Time & Space Complexity are high-level measure of scalability. They don't measure the actual speed of the algorithm itself.

For small data sets, Time Complexity is usually irrelevant.

As you can see in above picture we have some types of Big O Notation:

• O(N!) means Factorial Time
• O(2^N) means Exponential Time
• O(N^2) means Quadratic Time
• O(N log N) means Quasilinear Time
• O(N) means Linear Time
• O(Log N) means Logarithmic Time
• O(1) means Constant Time

The Green color represent that the algorithm speed is good when size of the data increasing

The Red color represent that the algorithm speed is ad when size of the data increasing

Remember this chart in your decisions

Data Structures

• LinkedList
• Array
• Stack
• Queue
• Tree
• Binary Tree
• Binary Search Tree
• AVL Tree
• Trie
• Heap
• Priority Queue
• Hashtable
• Set
• Graph

Algorithms

• Linear Search
• Binary Search
• Quicksort
• Mergesort
• Timsort
• Heapsort
• Bubbl sort
• Insertion sort
• Tree sort
• Selection sort
• Bucket sort
• Radix sort
• Counting sort
• Cubesort
• Shell sort

LinkedList

A collection of values arranged in a linear, unidirectional sequence which has several advantages over contiguous storage options such as Array & ArrayList:

• constant time insertion and removal from the front of the list
• reliable performance characteristics

LinkedList consists of Nodes and each node has two responsibility

• Hold a value
• Hold the reference to the next node, the null marks the end of the list.

Pros:

• LinkedList has O(1) time complexity for head first insertion but Array & ArrayList has O(n) time complexity for it.
• Dynamic data structure
• No memory wastage

Cons:

• As soon as you move from one node to another, you can't go back cause there is only has reference to the next node.
• In LinkedList the elements aren't in contiguous blocks of memory. This could lead to more cache misses, which increase the access time.

Stack

Stack is a linear data structure which follows a particular order in which the operations are performed. The order may be LIFO(Last In First Out) or FILO(First In Last Out).
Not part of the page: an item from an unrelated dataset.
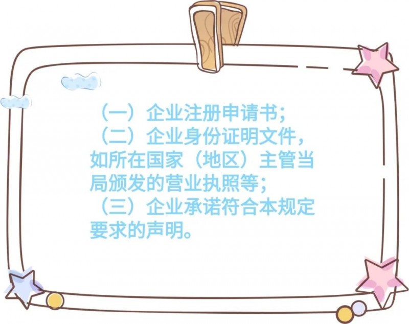 企業(yè)注冊(cè)申請(qǐng)書(shū)內(nèi)容應(yīng)當(dāng)包括企業(yè)名稱、所在國(guó)家(地區(qū))、生產(chǎn)場(chǎng)所地址、法定代表人、聯(lián)系人、聯(lián)系方式、所在國(guó)家(地區(qū))主管當(dāng)局批準(zhǔn)的注冊(cè)編號(hào)、申請(qǐng)注冊(cè)食品種類、生產(chǎn)類型、生產(chǎn)能力等信息。
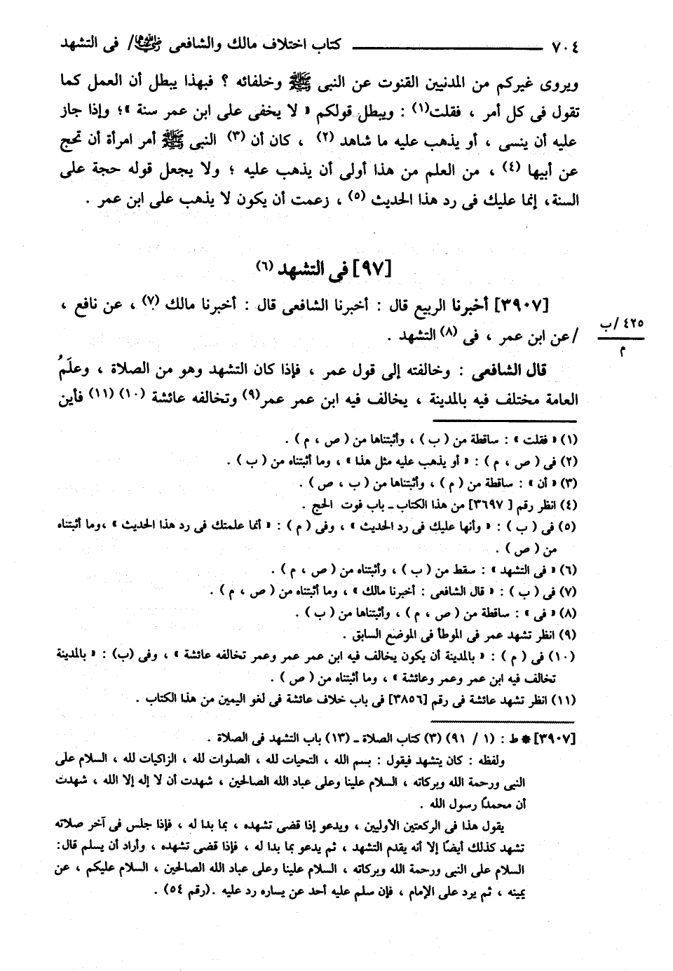 قَالَ الشَّافِعِيُّ : : وَخَالَفْتُهُ إلَى قَوْلِ عُمَرَ فَإِذَا كَانَ التَّشَهُّدُ وَهُوَ مِنْ الصَّلاَةِ وَعِلْمُ الْعَامَّةِ مُخْتَلِفٌ فِيهِ بِالْمَدِينَةِ تُخَالِفُ فِيهِ ابْنَ عُمَرَ وَعُمَرَ وَعَائِشَةَ فَأَيْنَ@

The main goal of building a stack is to enforce how you access your data.

Stack has only two operation:

• Push: Adding an element to the top of the stack
• Pop: Removing the top element of the stack.

Real world examples:

• Android using stack for managing the fragments.
• A maze app will use a stack to do the contiguous operation.
• Memory allocation uses stacks at the architectural level.

Queue

A Queue is a linear structure which follows a particular order in which the operations are performed. The order is First In First Out (FIFO). A good example of a queue is any queue of consumers for a resource where the consumer that came first is served first.

The difference between stacks and queues is in removing. In a stack we remove the item the most recently added; in a queue, we remove the item the least recently added.

The core operation of Queue:

• enqueue: Inserts an element at the back of the queue and returns true if the operation is successful.
• dequeue: Removes the element at the front of the queue and returns it.
• isEmpty: Checks if the queue is empty using the count property.
• peek: Returns the element at the front of the queue without remove or manipulating it.

Tree

It's a data structure of profound importance. It's used to tackle many recurring challenges in software development.

such as:

• Representing hierarchical relationships
• Managing sorted data
• Facilitating fast lookup operations

Just like LinkedList the trees consists Node but the Node contains two child nodes.

The topmost node in the tree is called the root of the tree. this node is the only node that has no parent.

A node that has no child is called as Leaf.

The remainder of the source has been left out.